Já os trabalhadores por conta de outrem ficam com o seu rendimento reduzido em 33%, “o que é uma quebra enormíssima, que não lhes permitirá fazer face à situação”.
A mesma sindicalista soma ainda a preocupação com a legislação do lay-off simplificado, “porque não só não respeita os direitos dos trabalhadores no que se refere à remuneração, como pode retirar outros direitos”.
“Temos uma grande preocupação que o Governo nas medidas que está a adoptar não esteja a prevenir uma recessão económica, e o aumento do desemprego. As medidas que estão a tomar são canalizadas para as empresas, o que no caso das micropequenas e médias empresas é importante, mas está a haver muito pouco para os trabalhadores”, remata.
Empresários angustiados
Na restauração e hotelaria, a secretária-geral da associação do setor, Ana Jacinto, diz que a situação é mais dramática à medida que o tempo passa. “Tenho um conjunto enorme de estabelecimentos encerrados, uns por via de diploma próprio, como discotecas e similares, a redução do horário dos bares, e outros por razões de saúde pública para salvaguarda dos seus colaboradores e clientes”, ilustra.
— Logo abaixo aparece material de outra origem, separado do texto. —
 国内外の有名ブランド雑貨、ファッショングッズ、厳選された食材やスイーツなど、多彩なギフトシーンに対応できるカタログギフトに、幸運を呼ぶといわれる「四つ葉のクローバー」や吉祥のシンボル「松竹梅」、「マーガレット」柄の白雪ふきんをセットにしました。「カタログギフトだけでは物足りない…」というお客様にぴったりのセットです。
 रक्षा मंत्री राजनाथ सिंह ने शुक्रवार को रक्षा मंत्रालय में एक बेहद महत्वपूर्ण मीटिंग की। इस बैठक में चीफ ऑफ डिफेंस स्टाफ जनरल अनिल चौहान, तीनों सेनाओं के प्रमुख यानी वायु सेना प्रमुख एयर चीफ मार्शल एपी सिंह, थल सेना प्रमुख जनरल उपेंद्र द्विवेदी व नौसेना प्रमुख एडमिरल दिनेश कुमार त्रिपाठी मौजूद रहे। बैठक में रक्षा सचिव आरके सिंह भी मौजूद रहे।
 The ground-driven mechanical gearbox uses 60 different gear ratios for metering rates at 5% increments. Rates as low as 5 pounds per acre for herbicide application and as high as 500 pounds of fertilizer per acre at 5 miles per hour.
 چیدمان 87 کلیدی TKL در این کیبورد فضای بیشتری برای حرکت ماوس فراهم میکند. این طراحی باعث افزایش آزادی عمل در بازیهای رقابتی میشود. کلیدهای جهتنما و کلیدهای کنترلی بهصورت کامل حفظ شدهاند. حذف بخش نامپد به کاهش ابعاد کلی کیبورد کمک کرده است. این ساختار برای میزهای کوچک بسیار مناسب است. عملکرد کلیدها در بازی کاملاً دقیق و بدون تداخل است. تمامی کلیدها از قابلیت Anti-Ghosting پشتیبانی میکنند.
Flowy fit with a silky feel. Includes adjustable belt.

“Tudo isso junto está a criar uma enorme preocupação”, frisa a líder de um setor que emprega mais de 320 mil trabalhadores.
Jacinto apela ao Governo e remete para as 40 medidas que apresentou ao ministro da Economia, Pedro Siza Vieira, para evitar um descalabro no setor.
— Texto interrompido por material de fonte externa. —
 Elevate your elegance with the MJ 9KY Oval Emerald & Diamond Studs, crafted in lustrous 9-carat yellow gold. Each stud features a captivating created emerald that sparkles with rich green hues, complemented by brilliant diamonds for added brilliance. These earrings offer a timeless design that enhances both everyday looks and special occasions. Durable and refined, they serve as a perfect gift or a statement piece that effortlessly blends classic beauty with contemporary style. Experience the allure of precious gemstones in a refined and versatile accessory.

“Se não formos ajudados e apoiados não é possível manter os postos de trabalho. É isso que não queremos fazer. Não queremos dispensar colaboradores, queremos mantê-los”, enfatiza.
Ana Jacinto diz ainda que a proposta de lay-off desenhada pelo Governo, na prática não se vai aplicar às empresas que representa. “Temos de demonstrar hoje que nos três meses anteriores tivemos uma quebra de 40% na facturação face ao período homólogo, e como sabemos em Janeiro e Fevereiro as empresas ainda estavam num ritmo mais ou menos normal. A quebra abrupta aconteceu em Março”, refere. Ou seja, estes empresários teriam de esperar mais dois meses para conseguirem a demonstração da redução a pique da facturação.
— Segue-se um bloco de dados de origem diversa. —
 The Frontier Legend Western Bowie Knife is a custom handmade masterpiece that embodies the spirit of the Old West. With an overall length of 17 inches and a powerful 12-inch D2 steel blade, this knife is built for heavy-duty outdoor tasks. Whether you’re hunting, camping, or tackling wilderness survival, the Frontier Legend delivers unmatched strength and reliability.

A AHRESP está a pedir ao Executivo que adiante 1000 euros por colaborador, sendo que 50% desse valor ficaria a cargo do Estado. A outra metade, após o período de crise espoletada pelo coronavírus, teria de ser reembolsada pela empresa ao Estado.
Ana Jacinto fala ainda da linha de apoio de 200 milhões de euros, dedicados à tesouraria das empresas, que envolve a participação banca. “Precisamos de ter instrumentos céleres, flexíveis e rápidos e que cheguem às empresas. Não é com estas medidas que requerem demasiadas burocracias, e a banca pelo meio. Alguns dos bancos nem tem a linha disponível. Tudo isso é complexo demais”, argumenta.
Por seu turno, o presidente da CIP, António Saraiva, diz que os parceiros sociais têm reunido com regularidade, e que vão reunir na próxima quinta-feira novamente. Nesses encontros, realizados por videochamada, são discutidas novas medidas e avaliadas as que foram tomadas.
Carolina e o armagedão do futuro
As medidas de proteção do Governo aos precários não se aplicam no caso de Carolina Almeida, a jovem de 24 anos despedida no passado sábado.
“O decreto-lei que saiu por parte do Governo, que diz que os recibos verdes podem receber um ‘x’ a partir dos descontos que fizeram nos três meses anteriores, não me abrange. Eu estava prestes a acabar o meu primeiro ano de isenção, e como não fiz descontos não tenho direito sequer a receber esse contributo da Segurança Social. Estou mesmo a zeros”, lamenta.
Em plena pandemia de coronavírus, Carolina ganhou mais uma preocupação. E as perspetivas são poucas. “Não estou à procura de nada, não há trabalho por aí agora.”
Por isso, neste momento, vai vivendo um dia de cada vez. “O maior medo das pessoas que estão nesta situação é o que se vai passar depois. Acho que haverá muita gente desempregada e não vamos retomar a nossa vida como se nada fosse”, equaciona.
“Depois de sairmos de quarentena haverá muitas pessoas em situações muito más.”